What is needed is a word-for-word copy of the lines below from the one with "203 x 16 x 118/128 cm" through the one with "复用 Flink on yarn 机制 deploy 转换后的 jobGraph。", both included, with every picture left out.

[Excerpted data Boundary: Start]

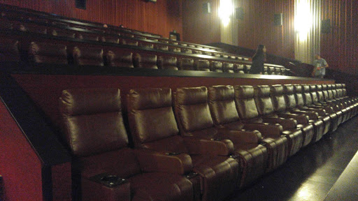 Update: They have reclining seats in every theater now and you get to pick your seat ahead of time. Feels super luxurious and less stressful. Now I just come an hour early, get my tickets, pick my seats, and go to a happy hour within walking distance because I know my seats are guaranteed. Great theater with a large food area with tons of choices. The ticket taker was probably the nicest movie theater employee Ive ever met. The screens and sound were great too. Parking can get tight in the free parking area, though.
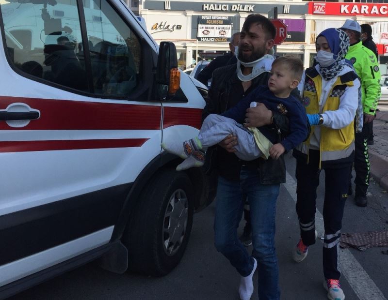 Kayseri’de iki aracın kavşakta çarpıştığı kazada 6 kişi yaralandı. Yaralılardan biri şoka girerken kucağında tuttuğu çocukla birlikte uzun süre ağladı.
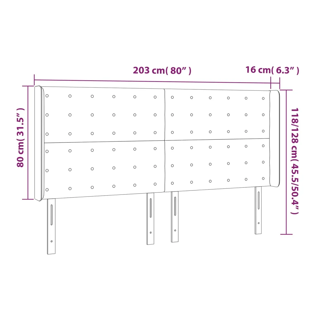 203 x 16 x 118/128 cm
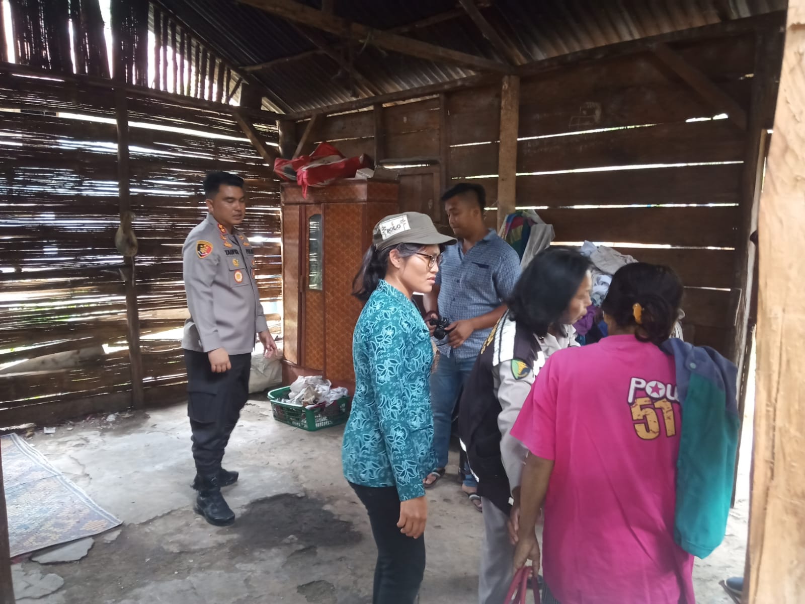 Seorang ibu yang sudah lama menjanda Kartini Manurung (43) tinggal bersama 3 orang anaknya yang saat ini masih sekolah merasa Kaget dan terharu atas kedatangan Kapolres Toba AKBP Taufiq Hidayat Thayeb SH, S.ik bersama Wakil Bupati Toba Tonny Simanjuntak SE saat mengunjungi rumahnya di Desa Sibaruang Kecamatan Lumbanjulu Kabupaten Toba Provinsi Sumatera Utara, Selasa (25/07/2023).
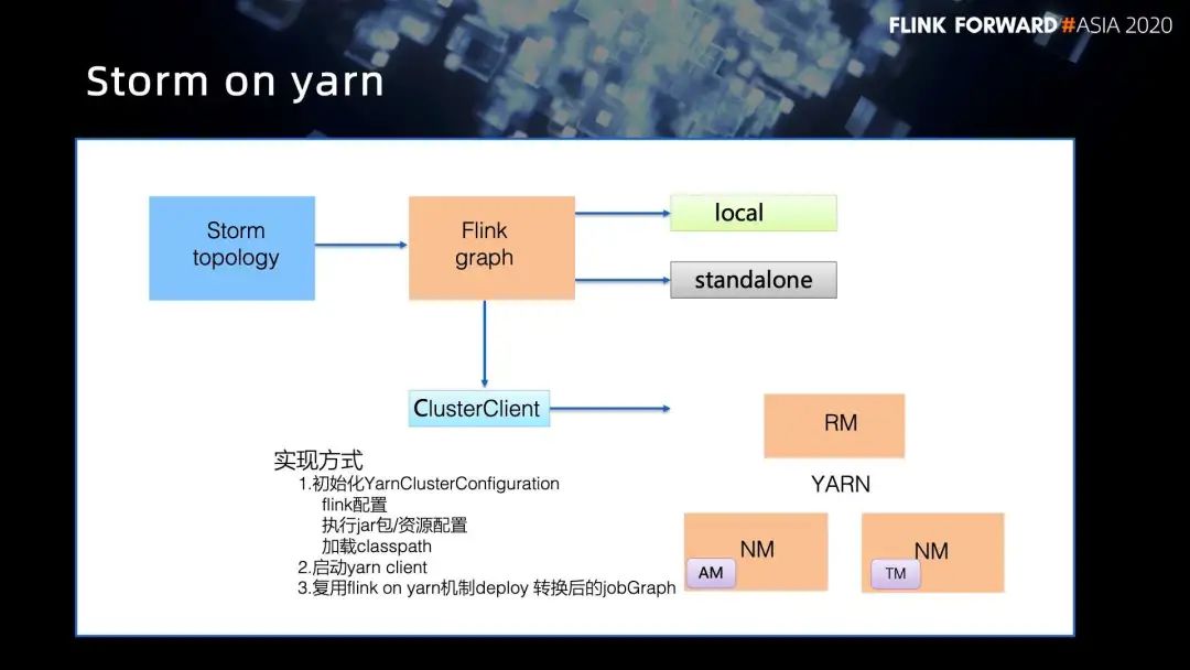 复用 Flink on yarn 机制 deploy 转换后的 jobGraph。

[Excerpted data Boundary: End]
[Excerpted data Boundary: Start]

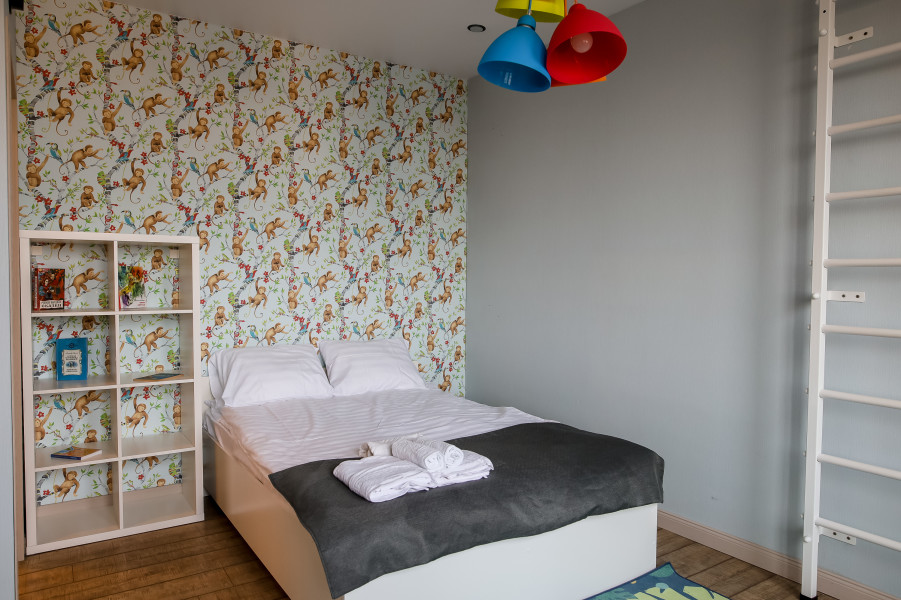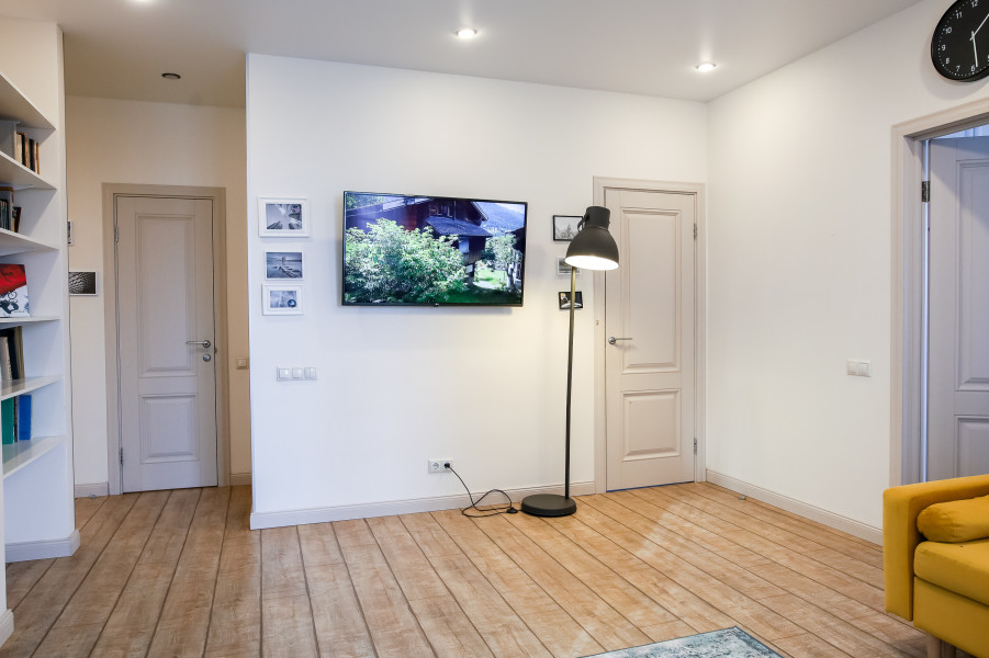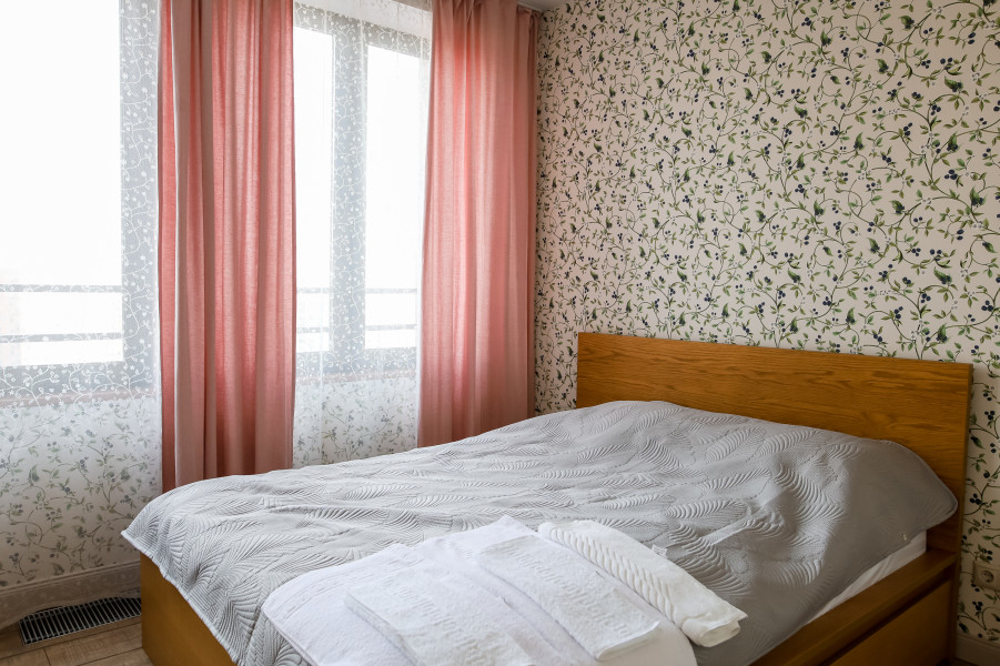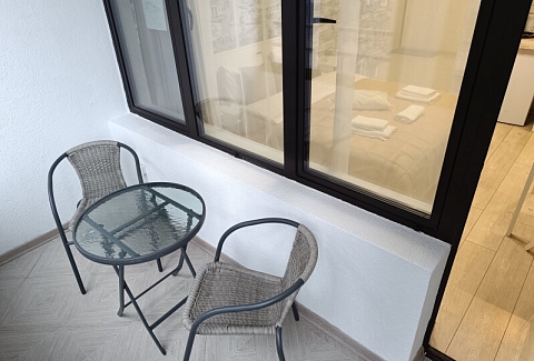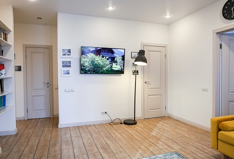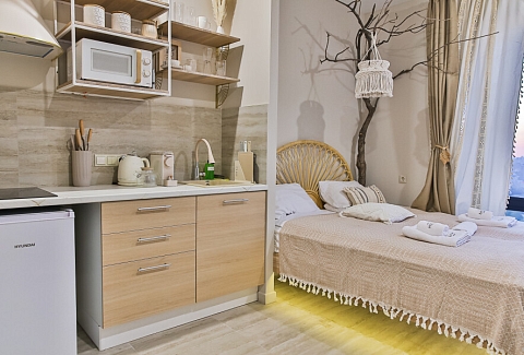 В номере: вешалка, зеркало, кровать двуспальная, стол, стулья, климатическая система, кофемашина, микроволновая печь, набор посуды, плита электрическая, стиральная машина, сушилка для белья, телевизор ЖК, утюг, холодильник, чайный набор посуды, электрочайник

[Excerpted data Boundary: End]
[Excerpted data Boundary: Start]

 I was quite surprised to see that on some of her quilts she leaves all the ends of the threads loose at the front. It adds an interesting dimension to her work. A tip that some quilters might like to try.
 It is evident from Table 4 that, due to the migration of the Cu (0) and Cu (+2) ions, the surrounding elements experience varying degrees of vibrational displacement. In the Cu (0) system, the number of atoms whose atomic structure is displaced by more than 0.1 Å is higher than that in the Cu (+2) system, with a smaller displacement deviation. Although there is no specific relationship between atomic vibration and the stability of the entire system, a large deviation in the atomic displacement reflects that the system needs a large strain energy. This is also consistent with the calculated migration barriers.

[Excerpted data Boundary: End]

▶ [Answer box]
 203 x 16 x 118/128 cm
 Seorang ibu yang sudah lama menjanda Kartini Manurung (43) tinggal bersama 3 orang anaknya yang saat ini masih sekolah merasa Kaget dan terharu atas kedatangan Kapolres Toba AKBP Taufiq Hidayat Thayeb SH, S.ik bersama Wakil Bupati Toba Tonny Simanjuntak SE saat mengunjungi rumahnya di Desa Sibaruang Kecamatan Lumbanjulu Kabupaten Toba Provinsi Sumatera Utara, Selasa (25/07/2023).
 复用 Flink on yarn 机制 deploy 转换后的 jobGraph。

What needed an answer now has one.